In the NEW 9th, we are receptive to innovative solutions to combat affordable housing challenges. As city leaders, it is our responsibility to consider all options, including a helping hand from a developer who wants to do well, and do good. Such is the case with The Reef development.
The Reef proposes to redevelop two empty parking lots along Washington Boulevard and Broadway Avenue into a place where residents can live, work and play. It will provide more than 1,400 residential units, a 208-room hotel, a full-service grocery store, restaurants and retail; and thousands of bike racks, showers and lockers—which would be available to the public—right next to the Blue Line. This is in line with the citywide efforts to increase the percentage of Transit-Oriented Development and ensure that at least 65 percent of new housing in the city is built next to mass transit by 2035.
The Reef offers a unique opportunity to help our community.
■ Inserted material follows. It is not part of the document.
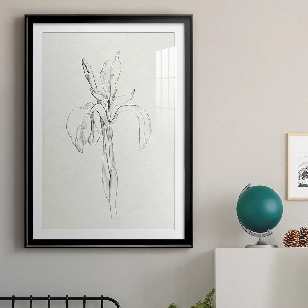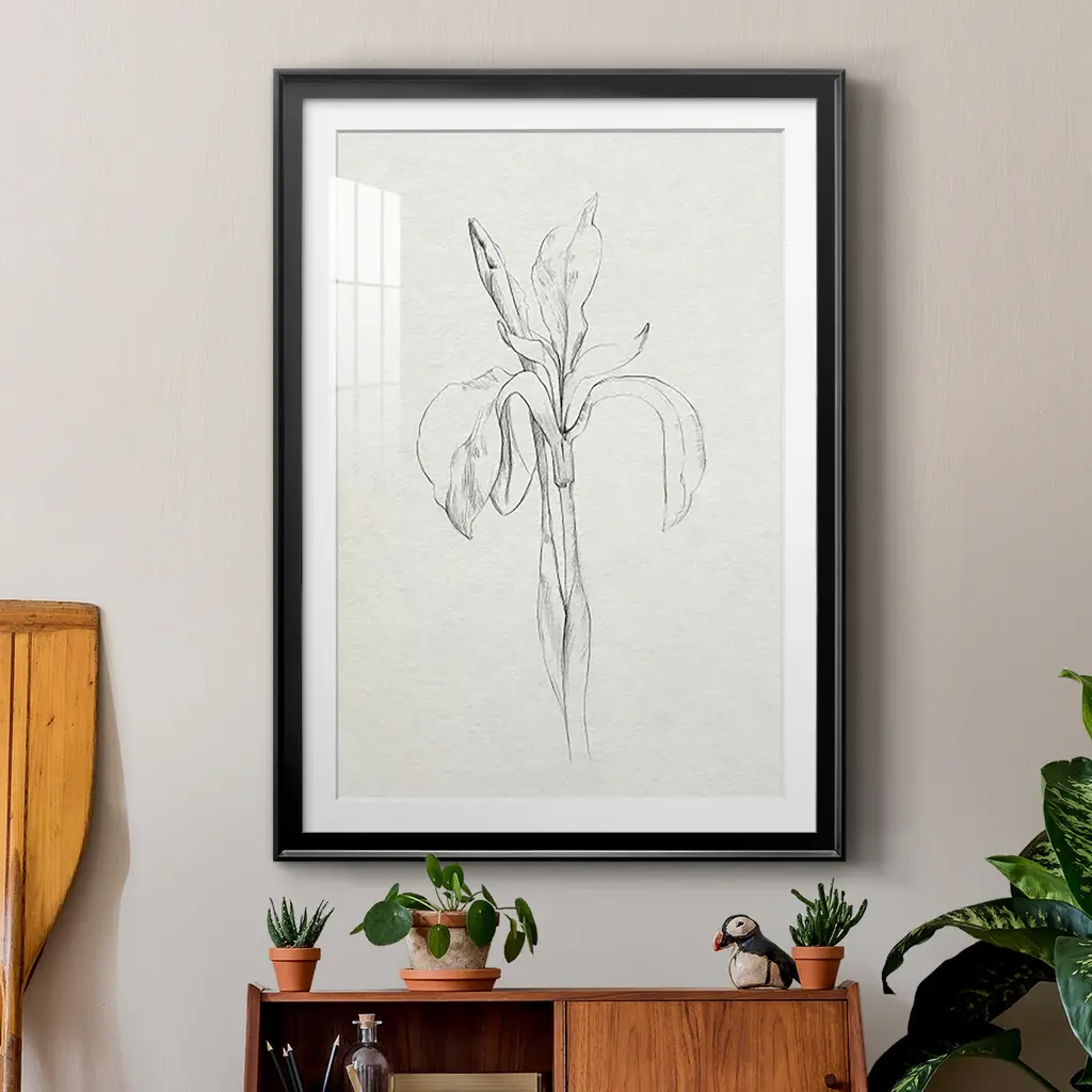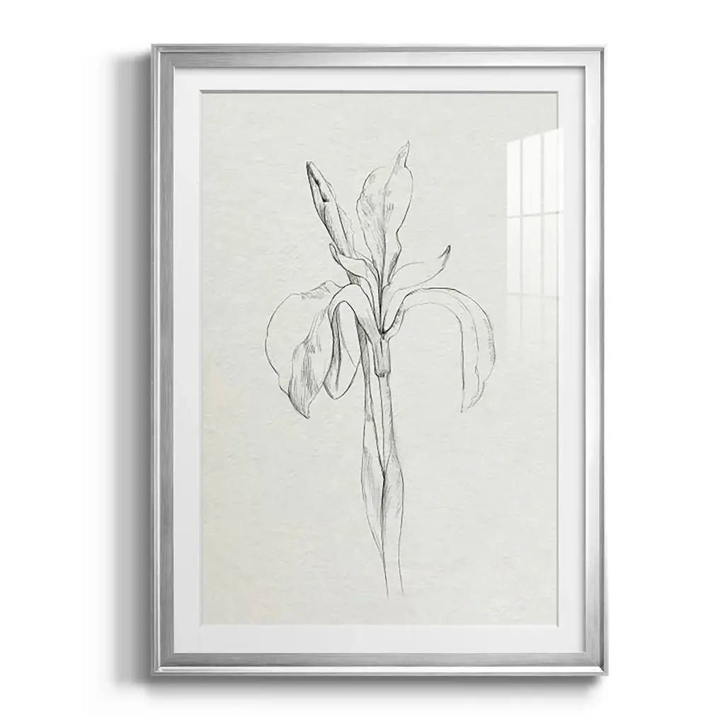Neutral Iris Sketch II Premium Framed Print - Ready to Hang A Premium Framed Print created to last. Framed in distressed wood and available in an array of sizes and colors Featuring a beveled a solid wood stretcher bar, each piece comes ready to hand 4 SIZES AVAILABLE 30.5''X42.5'' - Overall Size 26.5'X36.5'' - Overall Size 22.5''x30.5'' - Overall Size 18.5''x24.5'' - Overall Size Each piece is made to order. Each piece comes with hanging hardware. Made in the USA Ready to Hang Giclee Paper Print Acrylic Glass Beveled Matt Board

First of all, the project will create more than 3,300 good-paying jobs, with a 30 percent local hiring agreement. I have also demanded that the developer provide significant job-training and placement to our local community so that our families, friends and neighbors can be ready to fill these new positions.
As a part of a wide-ranging community benefits package that includes job training, after-school programming, and youth sports, The Reef has also pledged millions of dollars to go toward extending soon-to-expire affordable housing covenants in the Ninth District. That money could also help finance the construction of future affordable housing stock the City so desperately needs, including some of the existing sites that I mentioned here.
We have all seen the numerous cranes dotting the LA skyline and know that development is happening at a near-record pace. But we can’t simply build our way out of this crisis. While we must continue to encourage development of new housing units, we must also make it a priority to preserve existing affordable units.
As a community and as a city, we need new ideas, creative and shovel-ready solutions that will help ensure that as investments are made, or as new developments occur, communities like South LA stand to gain and reap the benefits it so desperately needs.